2021 was the ‘most challenging year’ for taxpayers. 2022 could be worse.

Long waits, delayed refunds and confusion made taxpayer interactions with the Internal Revenue Service, never the most joyous of exchanges, more frustrating than ever. And that could just be a warmup for what’s to come this year, says a new watchdog report.

Americans visited the IRS website, hoping to learn the status of their refunds, more than 630 million times last year. That left many in limbo as the tax agency fell behind in processing returns and responding to inquiries, according to the National Taxpayer Advocate, an independent organization within the IRS that came up with the findings.

“There is no way to sugarcoat the year 2021 in tax administration: From the perspective of tens of millions of taxpayers, it was horrendous,” reads the report, later adding, “2021 was the most challenging year ever for taxpayers.”

While the problems, which ranged from poor telephone service to premature collection notices due to delays in processing taxpayer responses, were aggravated by the pandemic, their origin is in budget issues. From 2010 to 2019, Congress reduced the IRS budget from $14.6 billion to $11.5 billion, and its staff dropped from 94,000 employees to 73,000, according to Congressional Budget Office estimates

The Biden administration attempted to increase the IRS’s budget as part of the Build Back Better program, but with that initiative stalled, the agency is seemingly facing another year of struggles, which will make it even more frustrating for taxpayers this year.

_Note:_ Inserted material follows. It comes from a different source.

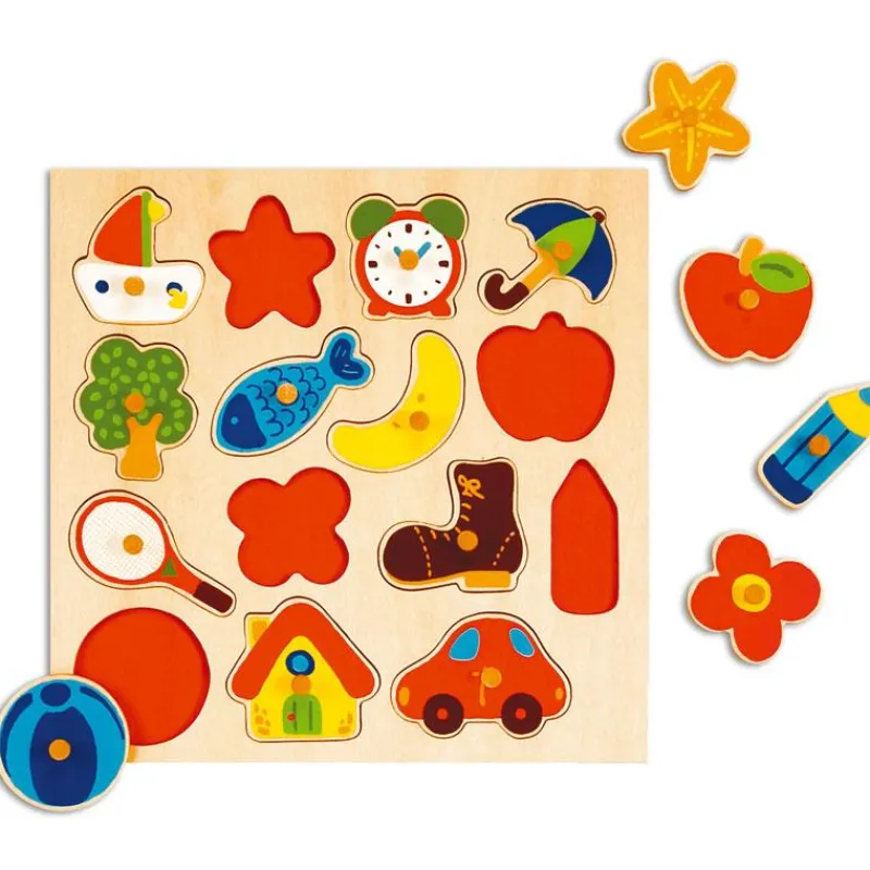 Encajable de quince piezas fabricadas en madera, colores llamativos y listas para encajar asociando las formas. Las piezas disponen de pernos para facilitar el agarre de los más pequeño

The IRS started the 2021 season behind and never caught up. That situation is set to repeat in 2022, with an even bigger backlog of old returns. Paper returns took an average of 8 months to process. (This year’s tax season begins on Jan. 24. On Dec. 23, the IRS said it still had 6 million unprocessed individual returns from 2021. (Returns filed electronically are processed faster.)

“As the IRS is preparing to begin the 2022 filing season, it is poised to carry over millions of unprocessed returns and millions of pieces of taxpayer correspondence, resulting in even longer delays for taxpayers who have been patiently waiting for far too long,” the report read.